How We Assess the Performance of Our Business
In assessing the performance of our business, we consider a variety of performance and financial measures. A key measure used in our evaluation is comparable company sales, which includes (i) net sales from stores that have been open for at least twelve months, (ii) direct net sales, and (iii) shipping and handling fees. We also consider gross profit and selling, general and administrative expenses in assessing the performance of our business.
The operating results of the first quarter, along with the Company’s outlook of future operating results, have given rise to substantial deterioration in the excess of fair value over the carrying value of our Stores reporting unit. To the extent that the operating results continue to decline, the Company may record a non-cash goodwill or intangible asset impairment charge. The goodwill allocated to the Stores reporting unit is $942 million. The intangible asset for the J.Crew brand is $885 million. A future impairment charge, if any, would not have an effect on the Company’s operations, liquidity or financial covenants, and would not change management’s long-term business outlook or strategy.
Use of Non-GAAP Financial Measures
This announcement includes certain non-GAAP financial measures. An explanation of the manner in which we use adjusted EBITDA and an associated reconciliation to GAAP measures is included in Exhibit (3).
Conference Call Information
A conference call to discuss first quarter results is scheduled for tomorrow, June 5, 2014, at 11:00 AM Eastern Time.
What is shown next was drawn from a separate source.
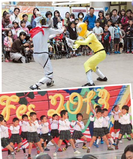
同志社クローバー祭 ④かわいい動物と触れ合える移動動物園⑤同志社戦隊タナレンジャーの格闘シーンに大興奮⑥松井ヶ丘幼稚園の子どもたちがソーラン節を披露
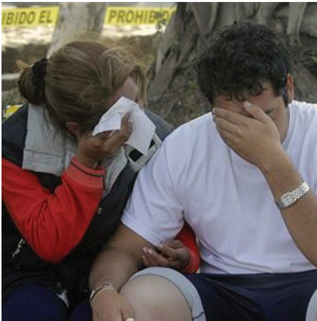
EL ESTUDIO de víctimas también se preocupa por las personas que han sufrido por terrorismo, tráfico de órganos, tráfico de personas, incluso de las que padecen por agresiones de animales.

En 1989 surgieron las “Encuestas de victimización”, herramienta que se ha convertido en obligatoria pero desafortunadamente ha caído en la monotonía

Investors and analysts interested in participating in the call are invited to dial (877) 407-3982 approximately ten minutes prior to the start of the call. The conference call will also be webcast live at www.jcrew.com. A replay of this call will be available until June 12, 2014 and can be accessed by dialing (877) 870-5176 and entering conference ID number 13583431.
About J.Crew Group, Inc.
J.Crew Group, Inc. is an internationally recognized multi-brand retailer of women’s, men’s and children’s apparel, shoes and accessories. As of June 4, 2014, the Company operates 268 J.Crew retail stores, 71 Madewell stores, jcrew.com, jcrewfactory.com, the J.Crew catalog, madewell.com, the Madewell catalog, and 125 factory stores. Certain product, press release and SEC filing information concerning the Company are available at the Company’s website www.jcrew.com.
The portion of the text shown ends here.